# [Task description]
Copy out exactly, from the entries that follow, the line holding "Tannberg ist ein", the line holding "Каждый, кто готов", and all lines between them, but no pictures.

# [Provided information]

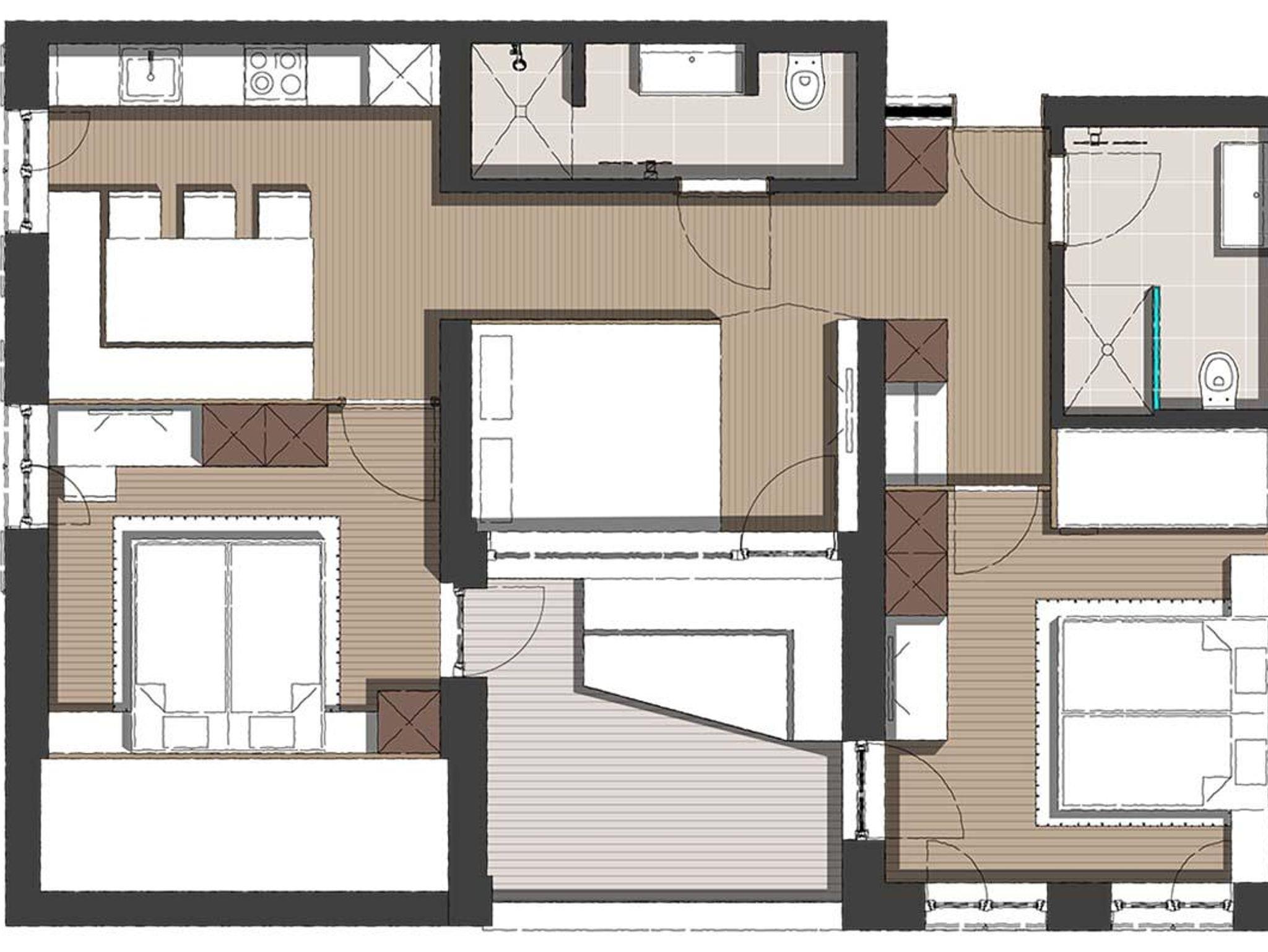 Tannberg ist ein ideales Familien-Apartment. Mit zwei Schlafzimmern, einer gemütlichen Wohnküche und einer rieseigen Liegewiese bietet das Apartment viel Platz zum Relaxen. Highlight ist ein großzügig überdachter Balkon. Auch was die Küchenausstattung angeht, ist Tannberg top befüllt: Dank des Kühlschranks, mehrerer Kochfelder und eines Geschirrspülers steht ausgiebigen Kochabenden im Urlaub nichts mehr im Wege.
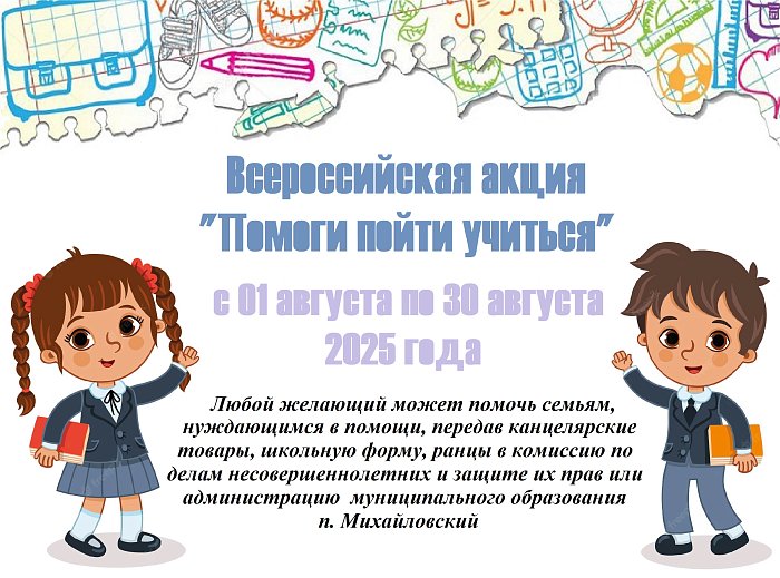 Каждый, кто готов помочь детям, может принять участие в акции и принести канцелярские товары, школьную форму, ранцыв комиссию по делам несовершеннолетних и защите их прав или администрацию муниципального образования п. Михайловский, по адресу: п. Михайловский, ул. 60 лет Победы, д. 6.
...
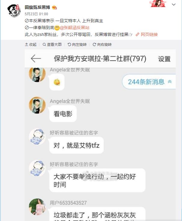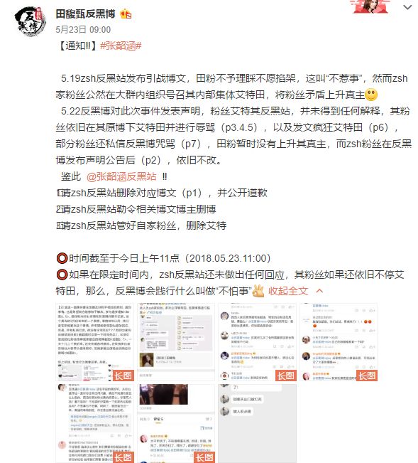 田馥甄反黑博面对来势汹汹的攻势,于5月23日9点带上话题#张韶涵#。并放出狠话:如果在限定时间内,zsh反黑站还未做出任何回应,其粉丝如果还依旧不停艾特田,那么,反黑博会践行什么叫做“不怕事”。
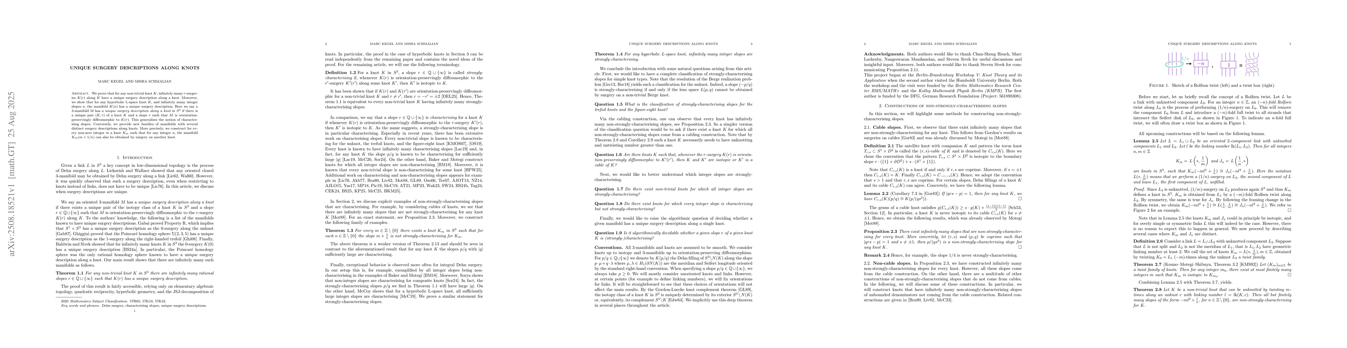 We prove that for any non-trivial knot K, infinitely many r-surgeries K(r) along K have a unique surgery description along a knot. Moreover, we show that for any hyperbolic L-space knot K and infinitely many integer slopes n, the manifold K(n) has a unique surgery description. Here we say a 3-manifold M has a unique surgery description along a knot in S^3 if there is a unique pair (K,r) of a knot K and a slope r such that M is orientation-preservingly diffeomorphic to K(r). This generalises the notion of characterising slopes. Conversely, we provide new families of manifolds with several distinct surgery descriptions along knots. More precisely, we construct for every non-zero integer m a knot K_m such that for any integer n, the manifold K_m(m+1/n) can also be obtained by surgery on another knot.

# [Expected answer]
 Tannberg ist ein ideales Familien-Apartment. Mit zwei Schlafzimmern, einer gemütlichen Wohnküche und einer rieseigen Liegewiese bietet das Apartment viel Platz zum Relaxen. Highlight ist ein großzügig überdachter Balkon. Auch was die Küchenausstattung angeht, ist Tannberg top befüllt: Dank des Kühlschranks, mehrerer Kochfelder und eines Geschirrspülers steht ausgiebigen Kochabenden im Urlaub nichts mehr im Wege.
 Каждый, кто готов помочь детям, может принять участие в акции и принести канцелярские товары, школьную форму, ранцыв комиссию по делам несовершеннолетних и защите их прав или администрацию муниципального образования п. Михайловский, по адресу: п. Михайловский, ул. 60 лет Победы, д. 6.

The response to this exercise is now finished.